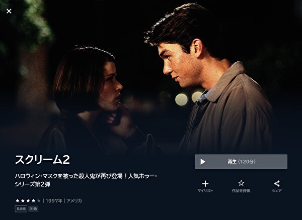 U-NEXTで映画「スクリーム2」の動画を無料トライアルでフル視聴
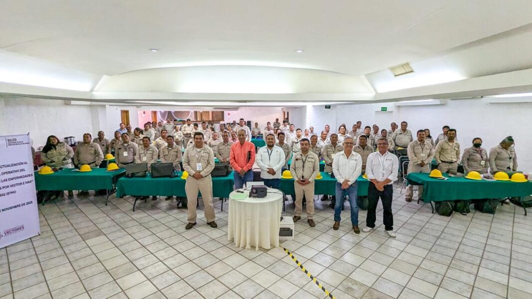 Santo Domingo Tehuantepec, Oax., 5 de noviembre de 2025.- Para fortalecer las acciones de prevención y control, Servicios de Salud de Oaxaca (SSO) capacita a más de 100 personas trabajadoras operativas del Programa de Enfermedades Transmitidas por Vector (ETV) e Intoxicación por Artrópodos (IVAr) de la Jurisdicción Sanitaria 2 Istmo.
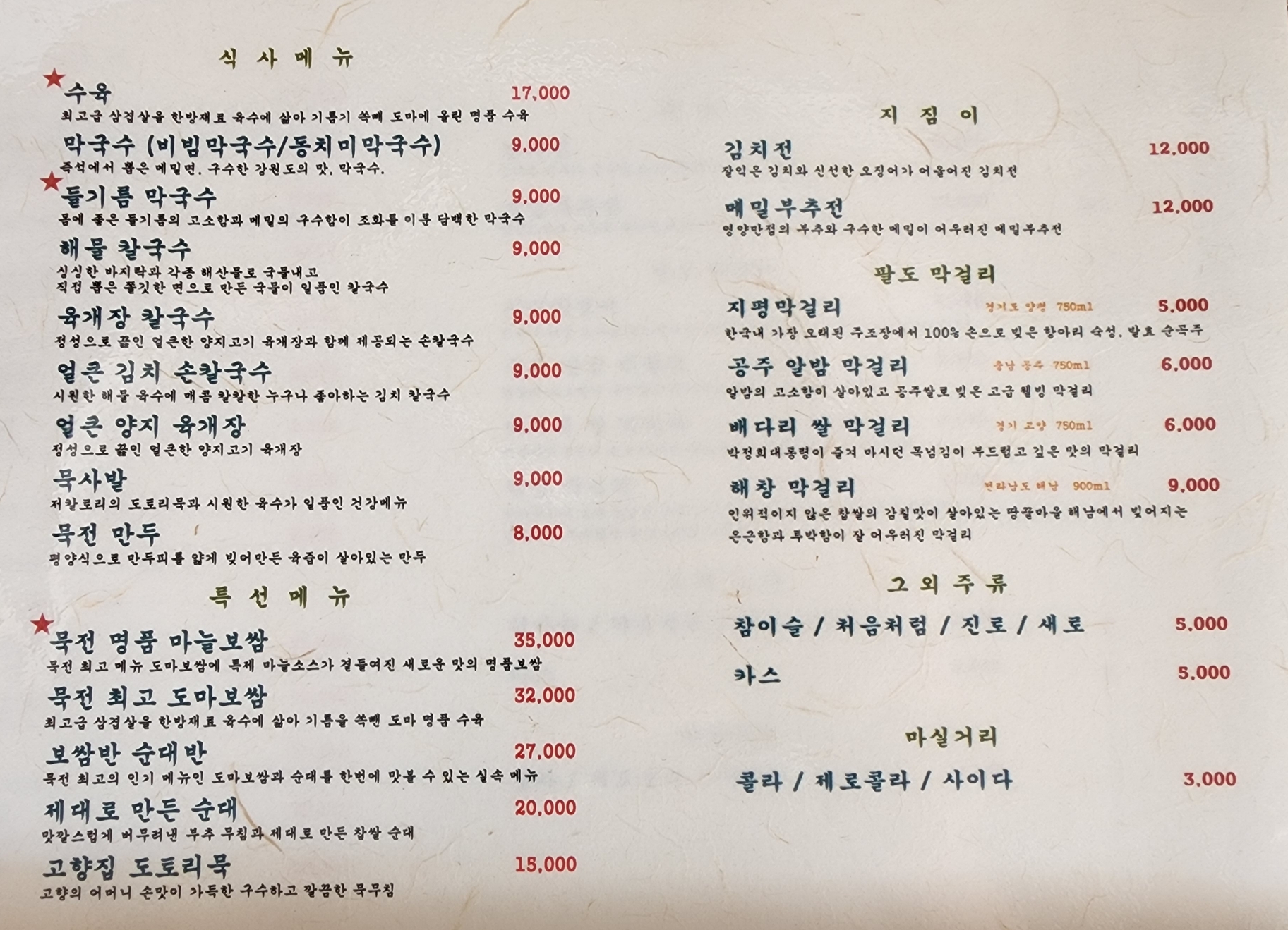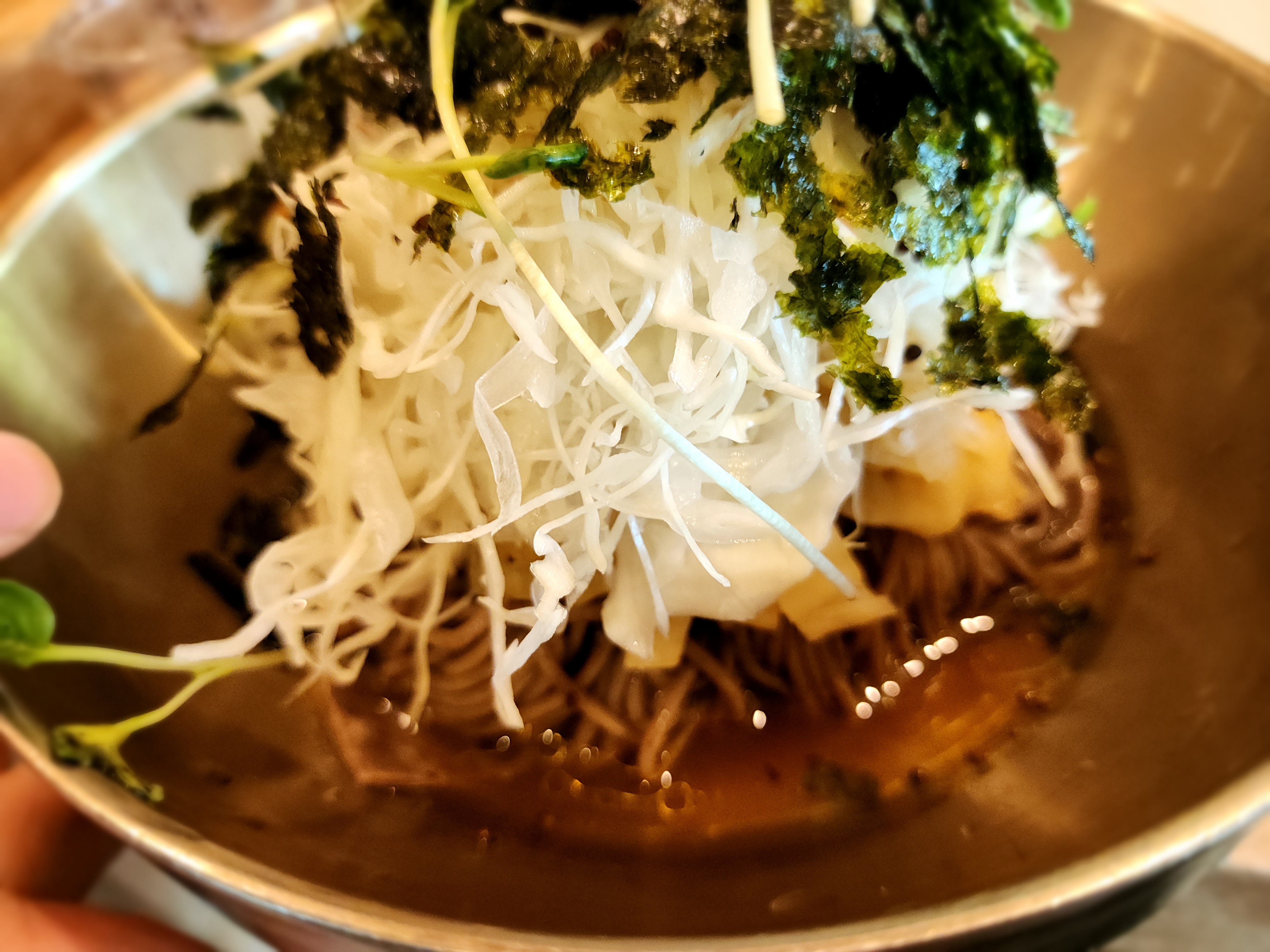마늘 수육, 육개장칼국수, 들기름 막국수, 비빔 막국수, 도토리묵, 도토리 전, 만두, 수육추가까지.. 넉넉하게 맛있게 먹고 왔다.

========

*Exercise*. Starting at the line with "Santo Domingo Tehuantepec, Oax., 5", transcribe the listing above exactly through its last line. No picture belongs in the transcription.

*Reply to the exercise*.
 Santo Domingo Tehuantepec, Oax., 5 de noviembre de 2025.- Para fortalecer las acciones de prevención y control, Servicios de Salud de Oaxaca (SSO) capacita a más de 100 personas trabajadoras operativas del Programa de Enfermedades Transmitidas por Vector (ETV) e Intoxicación por Artrópodos (IVAr) de la Jurisdicción Sanitaria 2 Istmo.
마늘 수육, 육개장칼국수, 들기름 막국수, 비빔 막국수, 도토리묵, 도토리 전, 만두, 수육추가까지.. 넉넉하게 맛있게 먹고 왔다.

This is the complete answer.